By Carol Cole-Frowe
The Norman Transcript
Serious aches and pains that required emergency attention used to call for a scary trip to the hospital and hours and hours in the waiting room and emergency department.
Much of that has changed in the past decade, and especially in
the past few years. The reason for needing the emergency department
may still be an unhappy occasion, but care from the time a 911 call
is placed has gotten better and much, much faster.
Norman Regional Hospital System, which covers the Norman Regional
Hospital and Moore Medical Center, has quietly become one of the
busiest, most efficient and effective emergency departments in the
region, according to the numbers and quality indicators.
"I feel pretty comfortable saying that we are probably the best in
this region," said Dr.
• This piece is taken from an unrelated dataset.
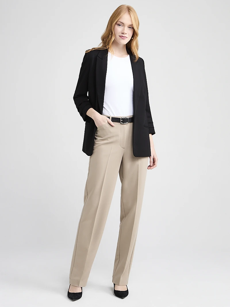 Ponte Ruched-Sleeve Long Line Blazer

Robert Frantz, NRHS emergency medical
director.
Last year, the Norman campus saw 65,114 patients in its emergency
department, making it the third busiest emergency room in Oklahoma
and among the top 3 percent of busiest emergency departments in the
nation, Frantz said.
Norman's emergency department has a 34-bed major side and a 10-bed
fast track, with double triage speeding the process and shortening
waiting times. Registration is done bedside.
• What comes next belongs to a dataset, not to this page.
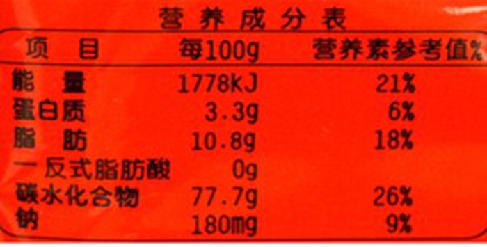 下图所示的营养标签是一种高能量、高糖、高脂和高盐食物。

About 20 emergency physicians from Norstar Emergency Physicians
have been employed since 2004 in the Norman ED, with an average
physician coverage during 2007 of 72 hours per day. They saw an
average of 2.49 patients per hour.
Add the Moore campus, which saw 20,787 patients in its ED in 2007,
and you have an emergency system ranked in the top 1 percent among
the busiest in the country with almost 90,000 patients
annually.
Compare that to just five years ago, in 2003, when the Norman
campus saw 51,073 patients in its emergency room.
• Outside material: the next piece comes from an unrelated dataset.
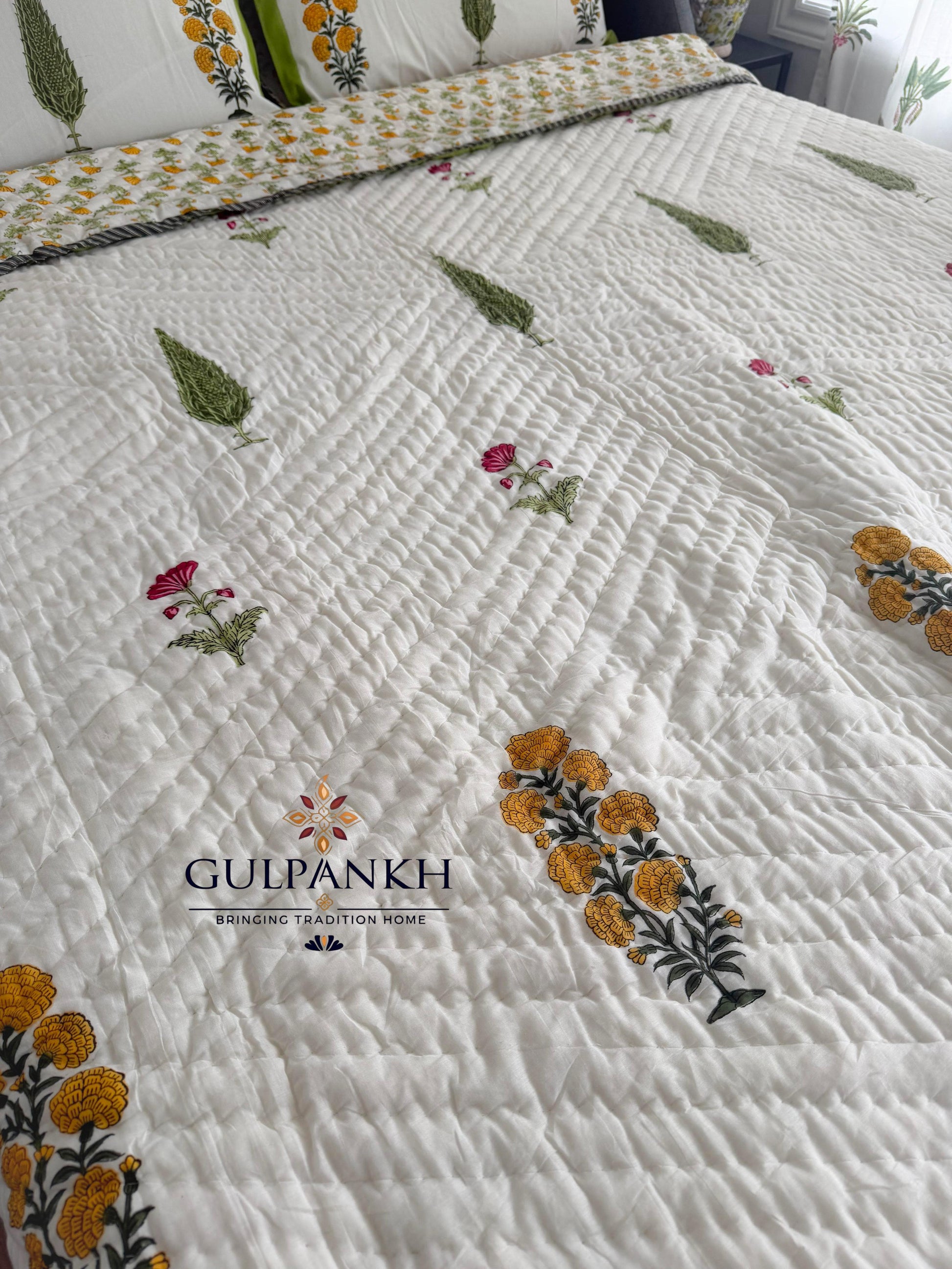 Marigold Garden Hand Block Printed Cotton Quilt | Gulpankh Canada

The average stay in the NRHS emergency department is 83 minutes
for patients treated and released, compared to about three hours
nationally. That doesn't include time spent in the waiting
room.
That time can vary depending on when the patient comes to the
emergency department. The peak period daily is in the evenings,
topping out at about 7 or 8 p.m. The slowest period in terms of
number of patients is about 5 a.m.
In February, the system set new records for seeing patients, with
about 6,500 people through the Norman emergency department, 3,000
in the Moore ED, 1,000 transported by EMSStat and 5,000 seen at
Urgent Care centers.
"In my mind, it was sort of a perfect storm scenario," Frantz
said.
Two widespread entiroviruses, a rotovirus, respiratory illnesses
and flu vaccines that missed the mark translated to the busy
emergency departments.
"What these things did is they caused pretty profound nausea and
vomiting and you just couldn't stop," Frantz said about the
entiroviruses. "You put all these things together plus our weather
and it was just a perfect storm scenario and there were lots of
things that were conspiring to keep people in emergency
departments."
If those numbers had continued, the system would have seen 158,000
people during the year, Frantz said.
"We have incredible people. We have incredible docs. We have
incredible nurses. We have incredible medics. And they are able to
stretch and make it work pretty much no matter what's handed to
them," said Eddie Sims, manager of the EMSStat ambulance
services.
Many factors contribute
A collaborative and quality attitude starting with the community
and extending throughout the health system lends itself to better
outcomes.
"It's not just one factor," said Frantz, who said he provides
"fierce support" for his team. "And everything is up for review. We
look at everything. And everybody's excited about doing it."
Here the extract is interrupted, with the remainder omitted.